Did a conspiracy rob treasure hunters of millions of $?

The French fleur-de-lis symbol engraved on a 16th-century bronze cannon discovered in a shipwreck off the coast of Cape Canaveral, in Florida

By Tom Metcalfe - Live Science

A maritime salvage company of "treasure hunters" discovered some of the United States' oldest European artifacts in shipwrecks near Cape Canaveral in 2016.

Now, the finders are suing the state of Florida for millions of dollars in damages, alleging a conspiracy of sorts between the governments of France and Florida to deprive the company of its share of the spoils.

Global Marine Exploration (GME) alleges that some Florida state officials misused their knowledge of the location of the artifacts — including several 16th century cannons, estimated to be worth $1 million each — and colluded with France to help that nation take control of the shipwreck sites and artifacts.

Between May and June of 2016, GME's divers discovered the cannons and other debris from three colonial-era shipwrecks buried beneath a few feet of sand on the shallow. 

The company was operating using six underwater-exploration permits for the Cape Canaveral area that the state of Florida had approved. But after the company reported its find to state officials, the shipwreck sites and artifacts became the subject of a legal dispute between GME and the nation of France, which was supported in its legal claim by the state of Florida.

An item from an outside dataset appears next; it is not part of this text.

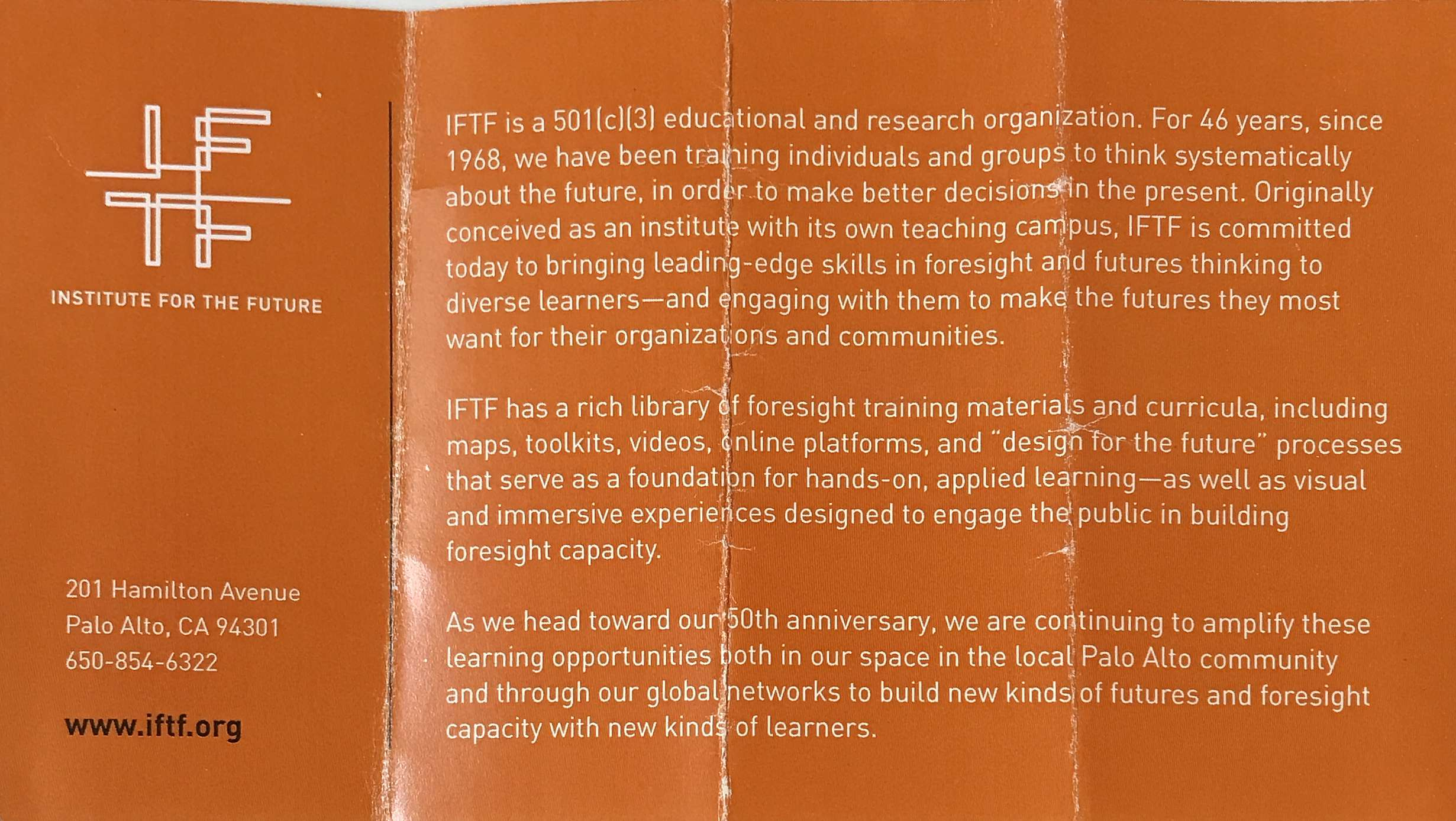 One day, I got curious enough that I went inside to learn more about what they did. I don’t know what I expected (time machine manufacturing, maybe?) But turned out the business was pretty normal. Advisory services, partnerships, and a pretty cool 10-year forecast that they’ve been doing for 50 years! I still have the flyer they gave me when I walked in.

Earlier this year, a judge in a U.S. federal district court ruled that the shipwrecks and any artifacts they contained belonged to France, because the ships had been part of the expeditions to Florida in 1562 and 1565, which were funded by the French government of the day and led by the explorer Jean Ribault. GME's research suggests that the ships were Spanish, not French, and that GME would have been able to prove the ships were Spanish if the state of Florida had issued underwater-recovery permits to let GME recover some of the artifacts for identification.